In 1998, she created Biography, five groups of glass test tubes on a stand. The first group of tubes features photographs from Edith’s childhood; the second, pictures from her trips; the third, her works from the 1980s; the fourth, drawings of human guts from anatomical manuals; and the fifth, her self-portraits. In this way, the artist pointed to biography as a performative act, also suggesting that identity is composed of different layers and experiences. She engages similar ideas in what is probably her most famous installation, Ambient (1996), which consists of six self-portraits on tripods and the surrounding area bordered by a strip made of a series of serigraphs with printed barcodes.

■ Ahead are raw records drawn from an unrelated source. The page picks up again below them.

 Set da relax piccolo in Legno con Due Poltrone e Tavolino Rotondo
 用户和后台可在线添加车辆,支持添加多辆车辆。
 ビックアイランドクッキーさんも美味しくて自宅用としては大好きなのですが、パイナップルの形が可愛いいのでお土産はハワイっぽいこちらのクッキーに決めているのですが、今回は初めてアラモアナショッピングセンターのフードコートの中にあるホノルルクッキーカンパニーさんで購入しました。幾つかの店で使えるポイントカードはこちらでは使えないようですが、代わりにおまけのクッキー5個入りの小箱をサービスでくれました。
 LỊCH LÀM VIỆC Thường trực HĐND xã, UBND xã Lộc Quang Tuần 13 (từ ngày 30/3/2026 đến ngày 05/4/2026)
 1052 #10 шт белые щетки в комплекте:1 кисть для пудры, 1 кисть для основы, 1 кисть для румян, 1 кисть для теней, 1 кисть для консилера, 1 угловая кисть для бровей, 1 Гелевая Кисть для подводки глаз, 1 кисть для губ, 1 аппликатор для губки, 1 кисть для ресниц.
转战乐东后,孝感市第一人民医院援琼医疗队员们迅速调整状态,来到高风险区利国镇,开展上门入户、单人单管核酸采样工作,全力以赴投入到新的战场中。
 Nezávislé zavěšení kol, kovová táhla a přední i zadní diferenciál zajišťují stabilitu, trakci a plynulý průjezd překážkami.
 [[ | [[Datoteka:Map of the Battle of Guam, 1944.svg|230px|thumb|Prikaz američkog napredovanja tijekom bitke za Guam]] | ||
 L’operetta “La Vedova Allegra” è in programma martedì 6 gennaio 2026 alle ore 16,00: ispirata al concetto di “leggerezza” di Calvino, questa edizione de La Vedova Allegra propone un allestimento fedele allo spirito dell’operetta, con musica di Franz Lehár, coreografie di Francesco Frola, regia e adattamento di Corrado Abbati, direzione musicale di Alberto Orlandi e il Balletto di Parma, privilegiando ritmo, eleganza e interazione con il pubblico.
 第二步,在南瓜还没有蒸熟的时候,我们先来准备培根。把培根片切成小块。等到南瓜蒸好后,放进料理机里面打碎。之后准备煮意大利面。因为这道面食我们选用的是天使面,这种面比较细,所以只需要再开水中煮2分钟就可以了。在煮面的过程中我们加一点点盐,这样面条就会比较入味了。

In July 2000, she had her last exhibition, Horizons, which consisted of seven hoops lined with black-and-white photographs of different cities, which the visitors could “enter”. It represented the blurring of the boundaries between space and time, internal and external, subject and object.
Schubert died in Samobor in 2001. Some of her works are in the collections of the Museum of Contemporary Art, the National Museum of Modern Art, the City Museum of Virovitica, and the Museum of Fine Arts in Split, and some in private collections.
Edita Schubert Promenade, Virovitica
The promenade in Virovitica, which stretches from the FINA building to the park of the Franciscan monastery, was named after Edita Schubert in 2010 and designed by Krunoslav Kovač. The facade of the building which dominates the promenade is painted with Edita's geometric motifs, the sidewalks are adorned with her favourite domes, and the "false" door on the gable walls is a replica of the author's 1978 work.